WHAT TO PRODUCE —
Omit every picture, and retype the lines that run from the beginning of the data below through the line containing "Let that annoying", inclusive.

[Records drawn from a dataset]
------------------------

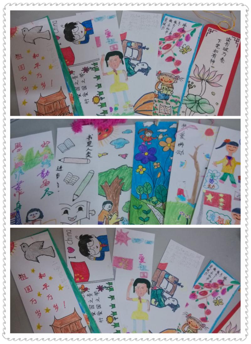 为了提高活动成效,让更多的孩子体会到成功的快乐,二年级组的老师们做足了各项前期准备工作:不仅提前收集了很多创意书签的图片,更是利用手工课对书签的内容、制作要求进行了精心指导。孩子们在老师的启发引领下,开动脑筋,发挥创意:有的上网搜索,在书签内容上精挑细选;有的又剪又刻,在书签形状上下足了功夫。动手又动脑,孩子们制作出了一张张精美的作品:有的写上了孩子最喜欢的读书格言,有的画出了孩子爱祖国、爱学习、爱劳动的片片爱心……孩子们交出的作品虽然稚气十足,却让大家感受到孩子们对书的热爱,对生活的感悟。
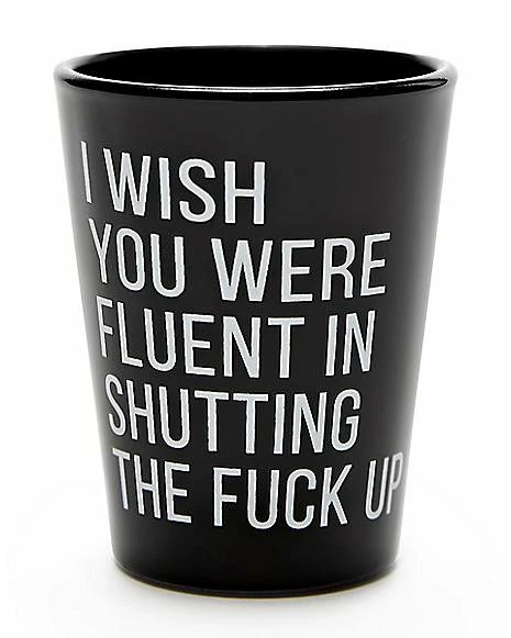 Let that annoying friend know you’d like them to shut up when you take a shot from this hilarious black and white shot glass!
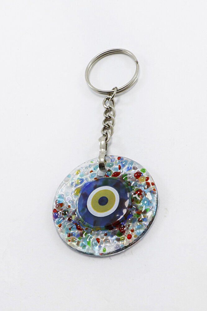 El Yapımı Kırıntılı Cam Nazar Boncuklu Anahtarlık, Hediyelik Çanta Süsü
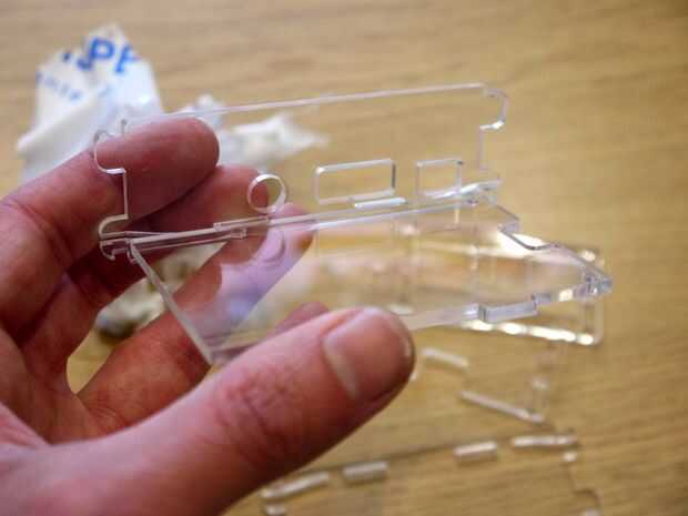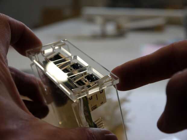 Una vez que las partes simplemente sostienen la parte inferior en el lado con los agujeros, deslice el Raspberry Pi en y deslice en el otro lado. Una vez que se trata de un extremo del gancho en los ganchos en la parte superior de la caja y empuje hacia abajo para que clip en los ganchos en la parte inferior y repiten para el otro extremo. Desmontar otra vez empujar las piezas del extremo para arriba y desenganchen de la parte superior.
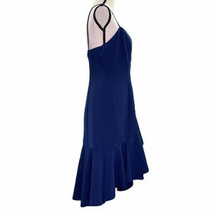 Vince Camuto Navy Asymmetrical Ruffle Dress

------------------------

RESPONSE FOR THIS EXERCISE —
 为了提高活动成效,让更多的孩子体会到成功的快乐,二年级组的老师们做足了各项前期准备工作:不仅提前收集了很多创意书签的图片,更是利用手工课对书签的内容、制作要求进行了精心指导。孩子们在老师的启发引领下,开动脑筋,发挥创意:有的上网搜索,在书签内容上精挑细选;有的又剪又刻,在书签形状上下足了功夫。动手又动脑,孩子们制作出了一张张精美的作品:有的写上了孩子最喜欢的读书格言,有的画出了孩子爱祖国、爱学习、爱劳动的片片爱心……孩子们交出的作品虽然稚气十足,却让大家感受到孩子们对书的热爱,对生活的感悟。
 Let that annoying friend know you’d like them to shut up when you take a shot from this hilarious black and white shot glass!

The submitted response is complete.